|
Nonprofit Development: Use many approaches to assemble membership puzzle
By June Bradham
Q. I run a nonprofit trade organization here in the Lowcountry and we are just about to start our annual membership drive. Do you have any recommendations on how to attract new members and retain the ones we have?
A. The answers to this question range from the practical to the slightly more cerebral. Different pieces apply to different target audiences but when used effectively, you can draw in new members and solidify the ranks of returning members.

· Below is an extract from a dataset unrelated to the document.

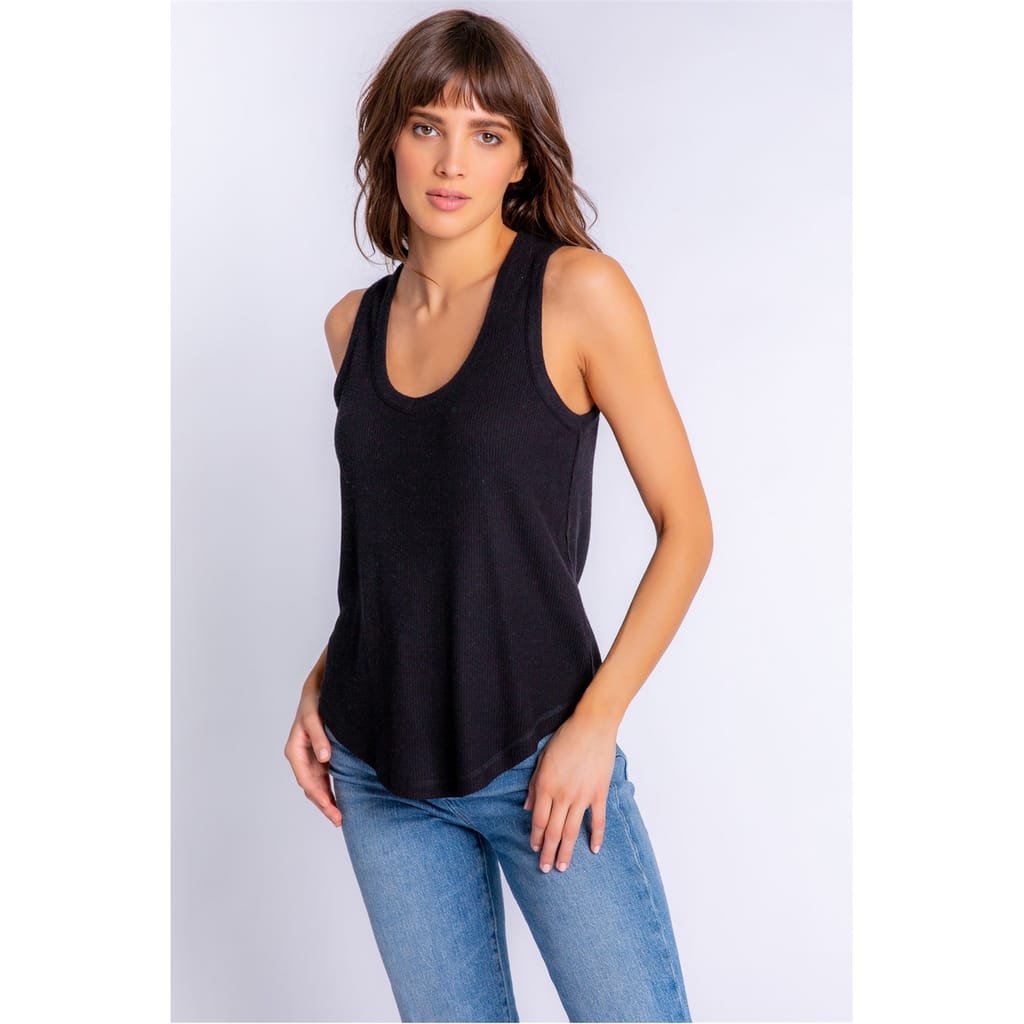 An everyday staple with a flattering twist. This rounded V-neck tank is crafted from soft 2x2 peachy rib with a curved hem that drapes effortlessly. Lightweight, comfy, and endlessly versatile — it’s the kind of piece you’ll reach for again and again. -

The key to both efforts is to get the word out. This can involve mailers (e-blasts or hard copy invitations to join or rejoin), updates on your Web site or notices in newsletters. You can also rely on your most productive, and cost-efficient, method of spreading the word: encourage your current members to spread the word. People are more likely to join organizations to which their friends and colleagues belong so let your current members be your spokespeople.
How you appeal to your audience is where the level of sophistication splits. As Mason Hardy, executive director of the South Carolina Association of Nonprofit Organizations put it, organizations can appeal to the tangible or to the big idea to recruit new members.
For those interested in a quick return on their investment, tangibles are a good option. Try offering a discount on registration fees or a premium enticement, such as 50% off training or annual conference registration, to attract new members. Everybody loves a bargain.
Likewise, giving current members a gift or bonus for referring new members is a great way to both keep in touch with your members and meet new ones. Both groups can find tangible value in other perks offered by organizations and associations; these include discounts on office supplies, insurance, publications and training.
The non-tangibles are far more important in the long run, however. First is networking.
Offering members the opportunity to contact like-minded professionals with the same interests and challenges is important in both the for-profit and the nonprofit world and joining a formal group is an excellent way of reaching peers.
The greatest service that trade organizations can provide, though, is a voice. As Mason nicely puts it, When you join an organization like ours, you will have a representative capable of speaking for you. There is a responsible party at the table. There is a big voice speaking up for each piece and the sector as a whole is strengthened.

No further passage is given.